OK, this reply is getting long. You named another risk which is jumping to a conclusion that you have permission as a way to avoid the uncomfortable feeling/reckoning of the larger culture mess, etc. Yes, it’s possible to do that. It’s possible to get married to reduce anxiety around being uncertain if you want that. It’s also possible to stew in a kind of ‘this culture/we/white people/colonizer people/etc. are terrible’ mindset in a way that unconsciously centers those experiences and fails to actually connect with the others all around us. Because we’re already embedded in all of it, I just see the imperative to relearn relationship, and to do our best to learn to listen. I see that as much more unsettling and in fruitful ways, much more challenging to show up with self-love, self-esteem, and a capacity to listen clearly…that’s the tougher practice.

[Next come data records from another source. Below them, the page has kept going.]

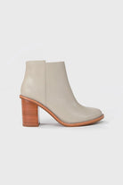 The sandy boot is a round toed ankle boot with a stacked leather heel and inner ankle zip made in a soft leather.
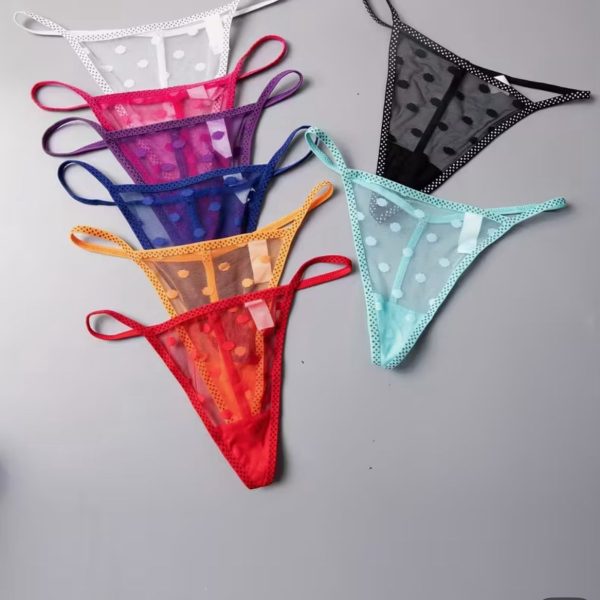- Design: One-piece bodysuit with a halter neckline, featuring multiple cut-out sections and a crisscross front detail, made of sheer lace with a dotted pattern.
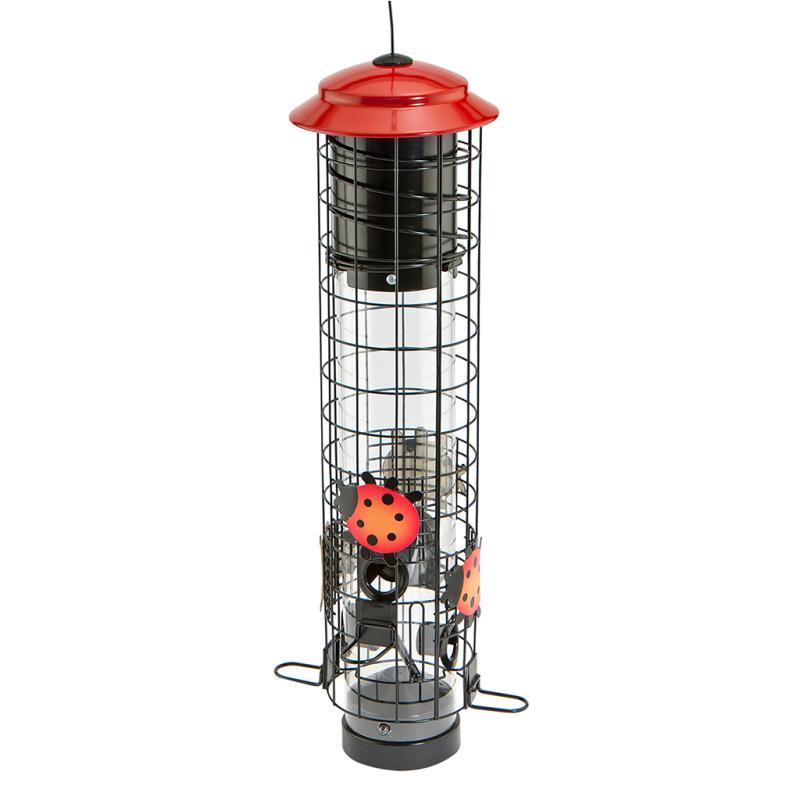 | The Audubon ladybug squirrel resistant tube feeder encases a tube feeder in a spring loaded cage thus foiling squirrels from accessing seed. Sturdy powder coated steel cage has a decorative ladybug design and 4 perches. Squirrels land on perches and their weight causes the spring loaded cage to slide down, closing access to seed. Has a twist lock lid and easy clean quick release bottom. 4 perches. No assembly required. |
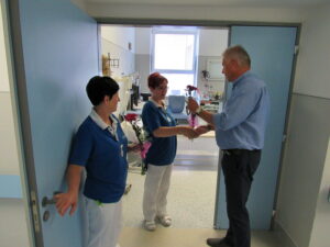 Ředitel sušické nemocnice poděkoval sestřičkám za jejich práci Hezkou květinou poděkoval ředitel Nemocnice Sušice Jaroslav Kratochvíl a zdejší hlavní sestra Martina Kolářová všem
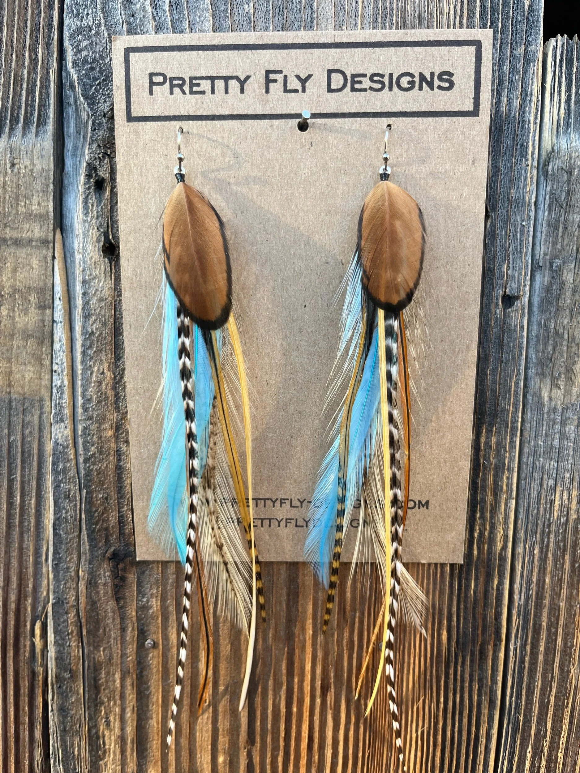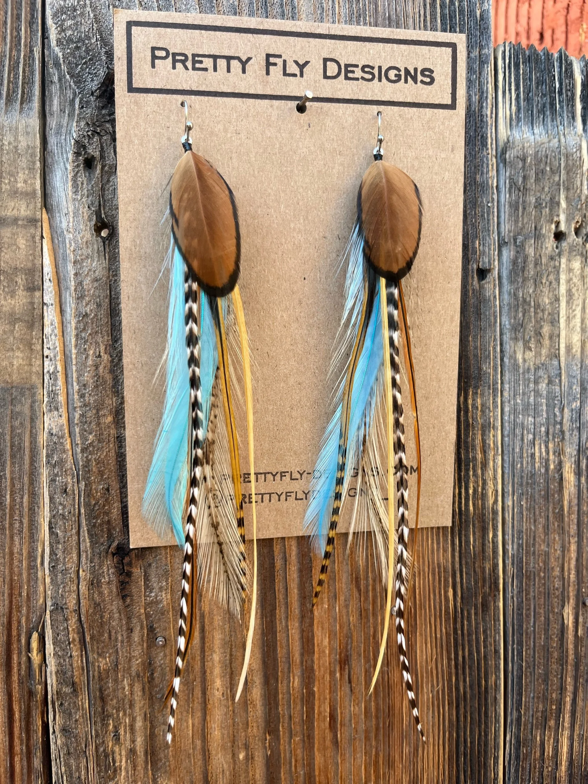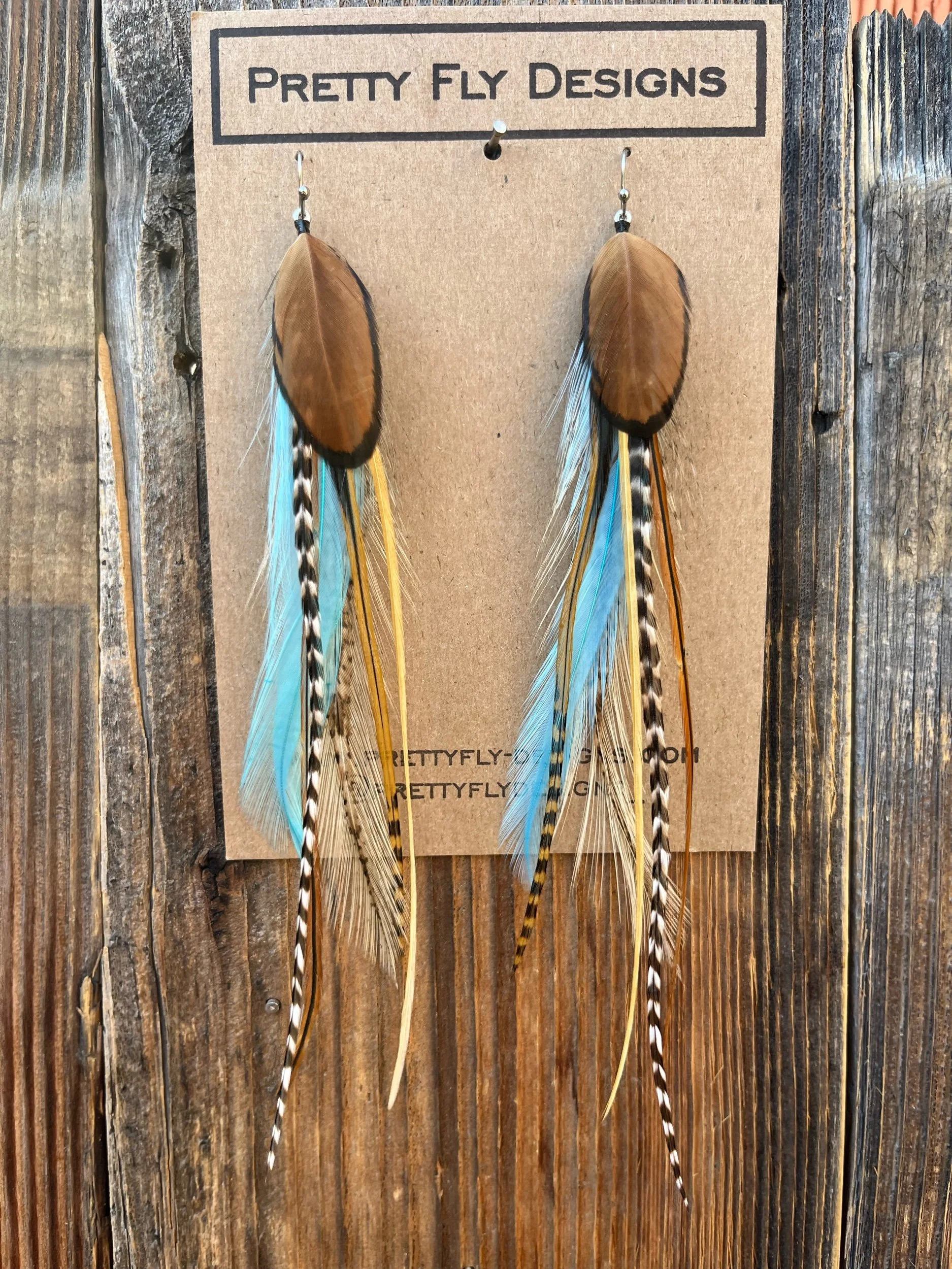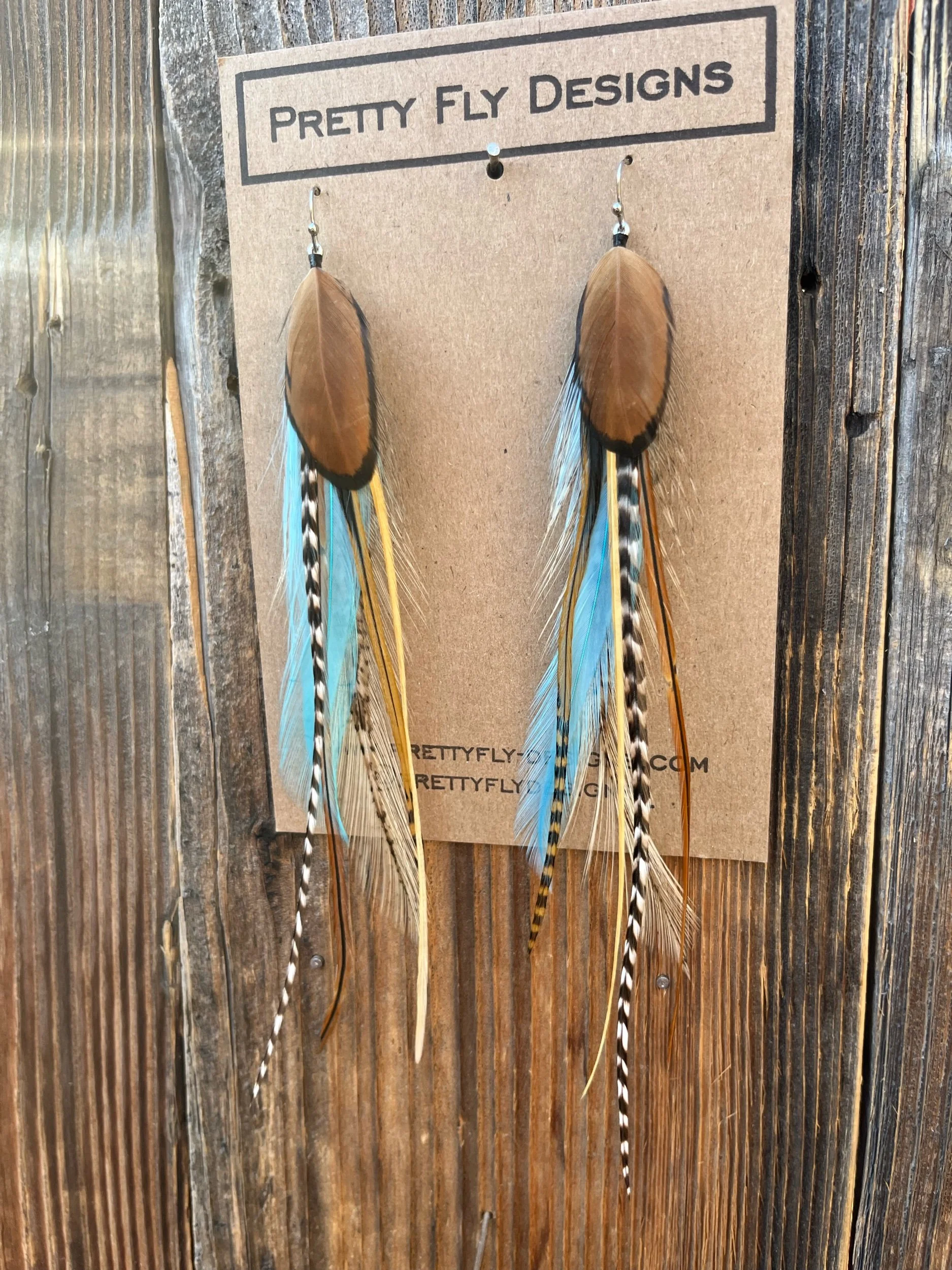 Earrings › Rosalynd Image 1 of 4 Image 2 of 4 Image 3 of 4 Image 4 of 4 Rosalynd Sale Price: $40.00 Original Price: $45.00 sold out Six inch long blend of bright aqua blue with a natural colors mixed in. Tied with Rooster feathers! Sold Out Added! Six inch long blend of bright aqua blue with a natural colors mixed in. Tied with Rooster feathers!

We’re already in these relationships, so trying our best in a clumsy way to bring them more conscious to me feels more fruitful than opting out of that messiness because there are legitimate risks (of which a few but certainly not all have been named). And not saying that you’re suggesting we opt out of the messiness, but yeah, it’s clumsy and community/traditions/teachers can be so important in tempering all that. Great question, layers with it all, keep speaking up, glad you’re with us!